Consider LACTATED ringer's over normal saline for fluid resuscitation

As a hospital pharmacist, you'll hear debate over using Lactated Ringer's or other balanced fluids instead of normal saline for fluid resuscitation. Balanced fluids, such as Lactated Ringer's (LR) or Plasma-Lyte, are touted as having electrolyte content similar to plasma, while normal saline has higher levels of chloride. The concern is that large volumes of normal saline can lead to hyperchloremic acidosis, which is associated with acute kidney injury.

     Previous evidence comparing normal saline with balanced fluids suggests there isn't a difference in clinical outcomes. Now new data suggest that using balanced fluids (LR) may prevent one case of acute kidney injury for every 91 ICU patients treated or every 111 non-ICU patients compared to normal saline.
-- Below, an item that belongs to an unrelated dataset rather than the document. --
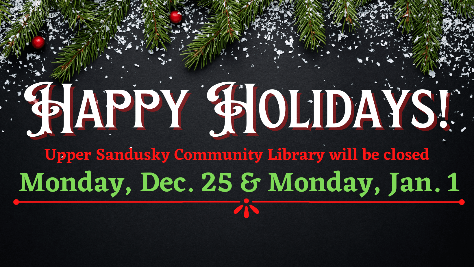 The Upper Sandusky Community Library will be closed Monday, Dec. 25 for Christmas and Monday, Jan. 1 for New Year’s Day.

But be aware, these data have limitations. For example, it's a single-center study that didn't control for factors such as the amount of fluid prescribed.

Lean toward Lactated Ringer's (LR) for fluid resuscitation. Its cost is similar to saline, and less than other balanced fluids. But consider electrolyte differences. For example, steer away from Lactated Ringer's in traumatic brain or other neurological injuries, since its sodium content is lower. In these patients, consider normal saline or balanced fluids with more sodium, such as Isolyte. Also avoid LR in patients with hypercalcemia, due to calcium content. 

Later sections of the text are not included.